P-SOCRATES will develop a complete and coherent software system stack, able to bridge the gap between the application design, and the hardware many-core platform. The project will investigate on a new programming framework to combine real-time embedded mapping and scheduling techniques with high-performance parallel programming models and associated tools, able to express parallelisation of applications. The programming model will be extended to support real-time properties and timing information. The software stack (shown in Figure) will extract a task dependency graph from the application, statically mapping these tasks to the threads of the operating system, which will be then dynamically scheduled on the many-core platform.
Current high-performance parallel programming models exploit the performance out of parallel architectures based on decisions taken at run-time. This is the case of OmpSs, which allows tracking data-dependencies between different tasks of a program (in a similar way of what out-of-order processors do to track instructions data-dependencies) with annotations. These annotations are then interpreted by a source-to-source compiler that emits calls to the runtime system, which dynamically generates the task dependency graph at run-time. This graph is then used to optimally decide which tasks can run in parallel on the available processor resources. Unfortunately, the use of run-time information makes it difficult to provide real-time guarantees.
Therefore, in order to provide real-time guarantees without suffering any performance degradation, it is required to identify which run-time configuration is necessary to statically build at design time to provide time guarantees. To do so, P-SOCRATES will investigate on enhanced parallel programming models that will extend current parallel programming models by incorporating new annotations and compiler techniques to automatically generate an extended task dependency graph containing not only the data dependencies among tasks, but also relevant information to derive the impact on execution time due to sharing resources when tasks communicate.

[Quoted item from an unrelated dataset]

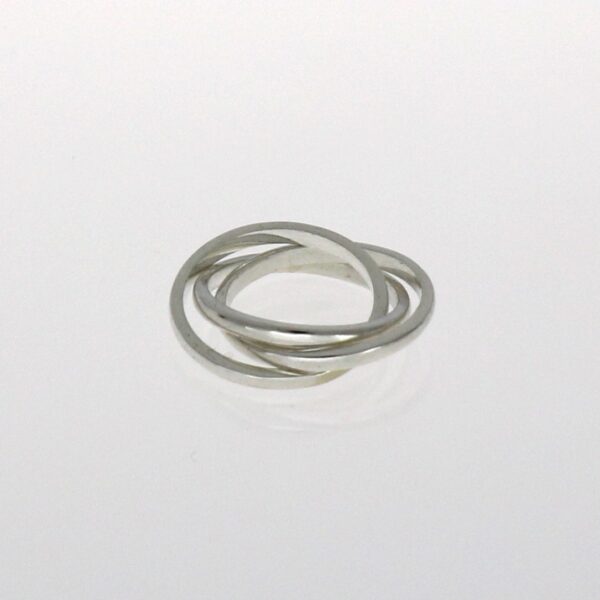 Anillo compuesto por tres alianzas lisas entrelazadas de 2.10 mm cada una.

This information will be then used by the mapping and scheduling algorithms, and by the timing and schedulability analysis module. The mapping algorithm will be enhanced to statically build the required run-time configuration, efficiently assigning tasks-to-threads in order to guarantee timing requirements without performance degradation. The underlying scheduling algorithm, implemented within the operating system, will then dynamically interpret the task-to-thread mapping into an efficient thread-to-core allocation, selecting which thread to execute on each core, and arbitrating the access to other shared resources.